March 28, 2019

Filip Ivanović Socrates’ Death and Democracy

The lecture will focus on trial of Socrates, accused of spoiling the youth and disrespecting Athenian gods, as described in Plato’s Apology, through clarifying the question whether Socrates was in reality a supporter or an opponent of the democratic constitution. Such dilemma stems from the apparently contradicting behavior of Socrates, who refuses to participate in political deliberation, but stays in Athens until death, and who insists on individual moral integrity, but spends his whole life in constant attempt to ameliorate the community. Finally, the key questions that the lecture will attempt to answer is whether Socrates was a “more authentic” democrat than his democratic fellow citizens, prosecutors, jurors, and judges.

Filip Ivanović was born in 1986 in Podgorica.
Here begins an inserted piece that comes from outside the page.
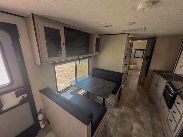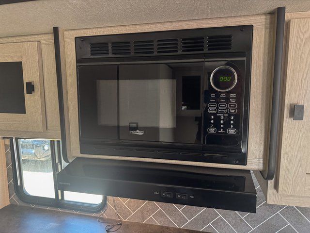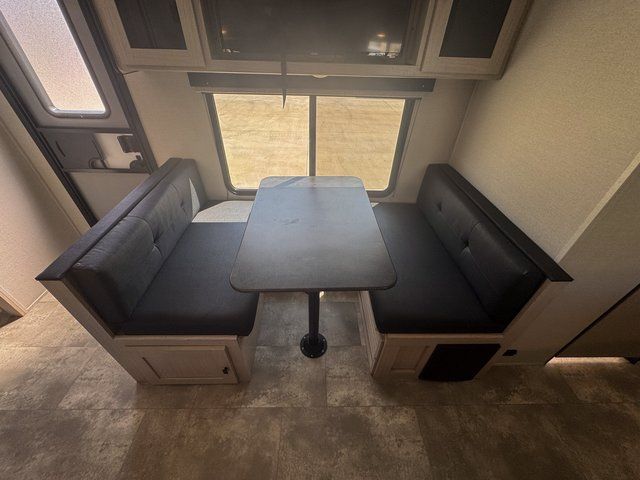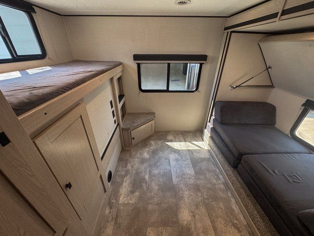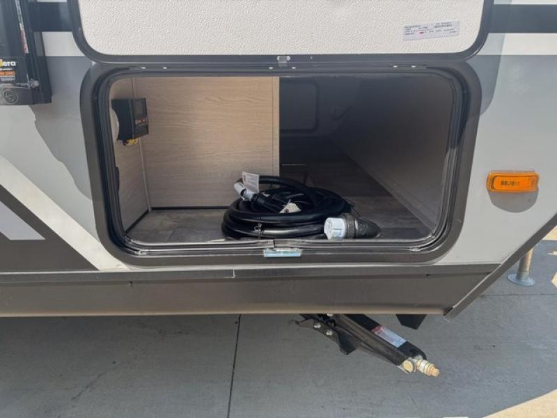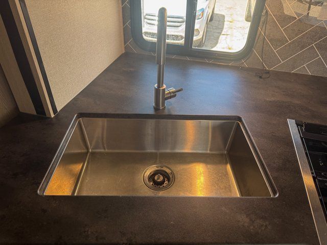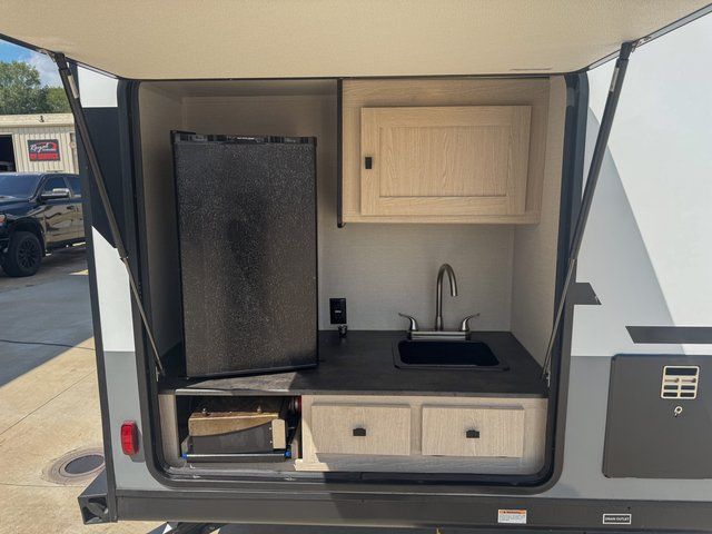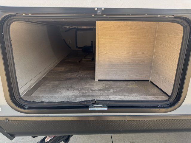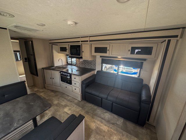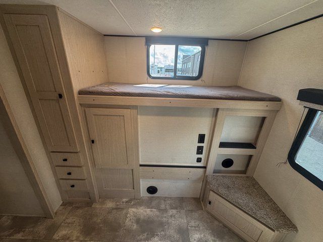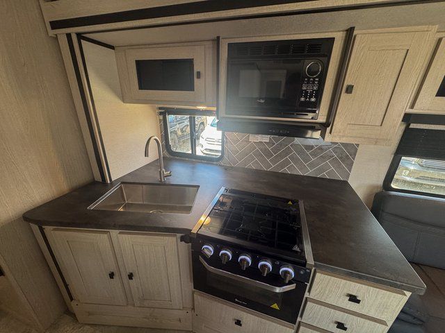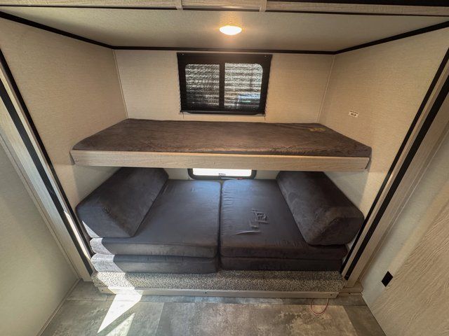 Double slides, a bunkhouse, plus a private bedroom and sleeping for nine make this model ready for anything! There is a private bunkhouse with a slide out futon and an overhead bunk, plus a second bunk for the kids to enjoy. Up front, a queen bed with super storage will provide two a comfortable night's rest in a private bedroom, and any other guests can sleep on the booth dinette and sofa in the main living area. The chef can cook indoors, or outdoors on the outside kitchen, and since there is an 18' power awning with LED lights, you can enjoy a bit of outdoor living space as well!

He holds BA and MA degrees from the Department of Philosophy of the University of Bologna, and a PhD from the Department of Philosophy and Religious Studies of the Norwegian University of Science and Technology at Trondheim. He worked as a research and/or teaching fellow at the Van Leer Institute in Jerusalem and University of Leuven, and spent research stays at the University of Aarhus and Norwegian Institute at Athens. Ivanović is the founder and director of the Center for Hellenic Studies in Podgorica. His publications include monographs Desiring the Beautiful: The Erotic-Aesthetic Dimension of Deification in Dionysius the Areopagite and Maximus the Confessor (Washington, DC: Catholic University of America Press, 2019) and  (Eugene, OR: Pickwick, 2010), as well as a number of articles and papers in international academic journals and edited volumes.